UNHCR has stepped up preparations in camps near Al Raqqa and is expanding Ain Issa camp (some 45km north of Al Raqqa city) to be ready to receive more displaced Syrians from both Al Raqqa and Deir ez-Zor.

 

UNHCR is currently sheltering over 34,000 internally displaced Syrians in Ain Issa, Mabrouka, Areesha and Al Hol camps, which have the capacity to take in more people when needed. These camps are being expanded, with ongoing construction and maintenance work, installing facilities, paving roads, and erecting tents. The camps are a safe space where displaced people can receive aid, food, water, shelter, primary health care, education and psycho-social support.

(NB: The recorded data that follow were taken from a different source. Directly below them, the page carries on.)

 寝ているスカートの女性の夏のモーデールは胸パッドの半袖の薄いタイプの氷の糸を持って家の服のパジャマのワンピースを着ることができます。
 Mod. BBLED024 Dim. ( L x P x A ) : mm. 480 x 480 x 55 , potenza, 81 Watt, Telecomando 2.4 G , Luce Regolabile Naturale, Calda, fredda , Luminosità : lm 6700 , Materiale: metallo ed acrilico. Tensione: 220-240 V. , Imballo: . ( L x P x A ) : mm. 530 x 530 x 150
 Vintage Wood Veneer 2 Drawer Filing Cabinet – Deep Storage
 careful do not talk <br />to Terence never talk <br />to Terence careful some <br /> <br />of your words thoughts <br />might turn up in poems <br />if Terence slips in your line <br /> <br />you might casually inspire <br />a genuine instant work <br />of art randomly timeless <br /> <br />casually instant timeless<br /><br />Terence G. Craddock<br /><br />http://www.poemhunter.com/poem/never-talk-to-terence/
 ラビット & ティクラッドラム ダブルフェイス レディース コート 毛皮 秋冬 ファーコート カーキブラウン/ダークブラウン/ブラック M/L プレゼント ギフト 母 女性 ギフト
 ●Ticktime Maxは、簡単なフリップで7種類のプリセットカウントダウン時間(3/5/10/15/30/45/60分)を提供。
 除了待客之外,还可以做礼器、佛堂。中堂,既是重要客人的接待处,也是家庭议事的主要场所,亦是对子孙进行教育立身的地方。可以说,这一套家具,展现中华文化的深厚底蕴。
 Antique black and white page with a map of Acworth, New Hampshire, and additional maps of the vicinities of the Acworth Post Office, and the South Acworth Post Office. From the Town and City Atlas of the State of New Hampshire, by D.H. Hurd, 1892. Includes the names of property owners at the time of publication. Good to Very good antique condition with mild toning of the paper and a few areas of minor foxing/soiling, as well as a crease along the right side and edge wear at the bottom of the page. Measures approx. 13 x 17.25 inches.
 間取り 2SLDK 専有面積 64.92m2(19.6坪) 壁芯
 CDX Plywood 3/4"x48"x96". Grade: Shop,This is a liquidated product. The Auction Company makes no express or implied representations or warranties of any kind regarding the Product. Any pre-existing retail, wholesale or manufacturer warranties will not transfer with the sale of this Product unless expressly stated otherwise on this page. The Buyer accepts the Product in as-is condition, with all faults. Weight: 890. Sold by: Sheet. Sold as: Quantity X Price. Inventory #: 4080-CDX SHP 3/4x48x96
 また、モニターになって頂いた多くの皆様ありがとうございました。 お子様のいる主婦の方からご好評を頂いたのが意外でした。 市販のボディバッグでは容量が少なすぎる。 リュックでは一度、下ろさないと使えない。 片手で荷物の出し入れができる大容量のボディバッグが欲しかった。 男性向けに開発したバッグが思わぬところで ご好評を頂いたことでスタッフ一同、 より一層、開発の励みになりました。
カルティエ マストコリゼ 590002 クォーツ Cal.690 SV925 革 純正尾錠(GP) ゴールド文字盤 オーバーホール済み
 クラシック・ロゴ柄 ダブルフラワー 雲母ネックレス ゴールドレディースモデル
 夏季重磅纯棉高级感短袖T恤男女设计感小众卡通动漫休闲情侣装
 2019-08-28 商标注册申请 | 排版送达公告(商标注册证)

Meanwhile, in the west of the country, UNHCR has completed the delivery of vital humanitarian supplies to several towns in rural Hama for the first time in over a year. This area of rural Hama had been hard to reach due to fighting which resulted in significant damage to and destruction of infrastructure, schools, hospitals and homes, and caused tens of thousands to flee their homes.  An estimated 13,000 people have returned to Hama governorate between January and August 2017. Around 12,000 returned to Suran city alone. This week UNHCR dispatched humanitarian assistance for 3,200 families (16,000 people) who have returned recently to Suran and surrounding towns.

Aid supplies - especially winterization kits – are crucial interventions in the cold and mountainous rural regions of Syria where electricity and other utilities are very limited. UNHCR is stepping up delivery to people in need across Syria as part of its winter programme.